Голос снова стал спокойным, руки легли на подлокотники кресла.

— Поэтому я и не жалею Венди Хэннифорд. Прискорбно, что она пала от руки Ричарда, страшно и горько, что после содеянного он решился на страшный грех самоубийства. Но жалеть дочь вашего клиента — нет уж, увольте!

Он опустил голову; глаз его я сейчас не видел, но мог поклясться, что лицо было неспокойно: на нем отражалась борьба добра со злом. Как же трудно придется этому человеку в воскресенье, подумал я, вспомнив о теме предстоящей проповеди. Вот они, благие намерения, устилающие путь в ад. И тут же представил его в образе Сизифа, с яростным рвением катящего в гору каменную глыбу.

— Полтора года назад, — сказал я после паузы, — ваш сын жил на Манхэттене. В то время он устроился на работу в антикварную фирму Бергаша. — Священник молча кивнул. — Он ушел из дома за шесть месяцев до того, как перебрался в квартиру Венди Хэннифорд.

— Верно.

— Так как же получается, что это она, как вы только что сказали, сбила его с пути истинного? Согласитесь, тут какая-то неувязка.

— Все правильно, никакой неувязки. — Вэндерпол тяжело вздохнул и, подбирая слова, продолжил: — Мой сын покинул дом сразу после окончания школы.

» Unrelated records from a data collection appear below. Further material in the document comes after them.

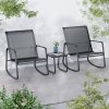 Aiho Outdoor Rocking Chairs Set of 3 with Breathable Textilene, Outdoor Patio Furniture Set with Tempered Glass Table, For Patio, Outdoor Garden, Lawns, Balcony, Backyard, Porch and Poolside-Black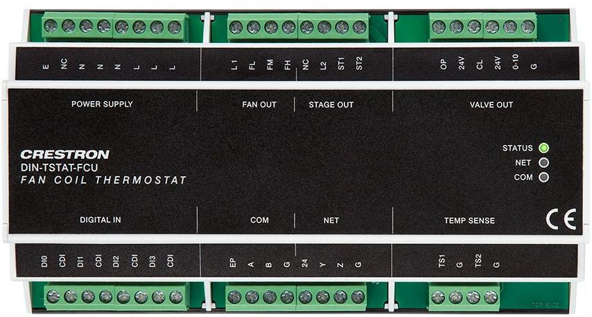 The DIN-TSTAT-FCU is a fan coil unit (FCU) controller designed for use in two-pipe applications. It may be operated as a standalone controller or integrated with a home automation system or building management system (BMS). A Cresnet® port is provided for integration with a Crestron® control system or Crestron Pyng® system. An RS-485 port is also included for communication with Modbus® or BACnet™. Full programmability enables use in various types of applications beyond control of FCUs. Configuration is facilitated using a PC based software application.Standard 35 mm DIN rail mounting allows the DIN-TSTAT-FCU to be installed in a DIN rail enclosure (Crestron DIN-EN series or similar). A 9M wide DIN rail is also included for alternate mounting applications. The unit is 230 Volts AC line powered.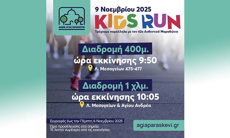 Με αφορμή την πραγματοποίηση του 42ου Αυθεντικού Μαραθωνίου της Αθήνας, που διοργανώνει ο ΣΕΓΑΣ με τη στήριξη της Περιφέρειας Αττικής το διήμερο 8-9 Νοεμβρίου, ο Δήμος Αγίας Παρασκευής διοργανώνει, την Κυριακή 9 Νοεμβρίου 2025, τον δικό του Αγώνα Δρόμου Μικρών Παιδιών στην αυθεντική μαραθώνια διαδρομή, στο ρεύμα καθόδου της Λεωφόρου Μεσογείων με κατεύθυνση το κέντρο της Αθήνας.

Мне эта затея не понравилась, но давить на мальчика не стал, только высказал свое мнение. Видите ли, я мечтал, чтобы Ричард продолжил обучение, ведь он был очень талантливым, у него бы все пошло отлично. Мне хотелось — и это вполне естественно, — чтобы он пошел по моим стопам и стал священником. На этом я, правда, тоже не настаивал: каждый должен сам выбирать дорогу, по которой пойдет. Я никогда не был фанатиком, мистер Скаддер; пусть бы мой сын стал хорошим доктором, или адвокатом, или бизнесменом — лучше, чем никудышным служителем церкви.

Наступила пауза, прерывать которую мне не хотелось. Я следил за ходом мыслей этого человека.

— Ричард объяснил причину ухода тем, что хочет разобраться в себе. Очень удобная формулировка, не правда ли? Разобраться в себе… Но я не старомоден, я его понял. Видимо, подспудно надеялся, что Ричард в конце концов осознает, что для него лучше всего поступить в колледж. Прошел бы год, два, но он непременно бы это понял.

Он снова замолчал, потом вскинул на меня глаза.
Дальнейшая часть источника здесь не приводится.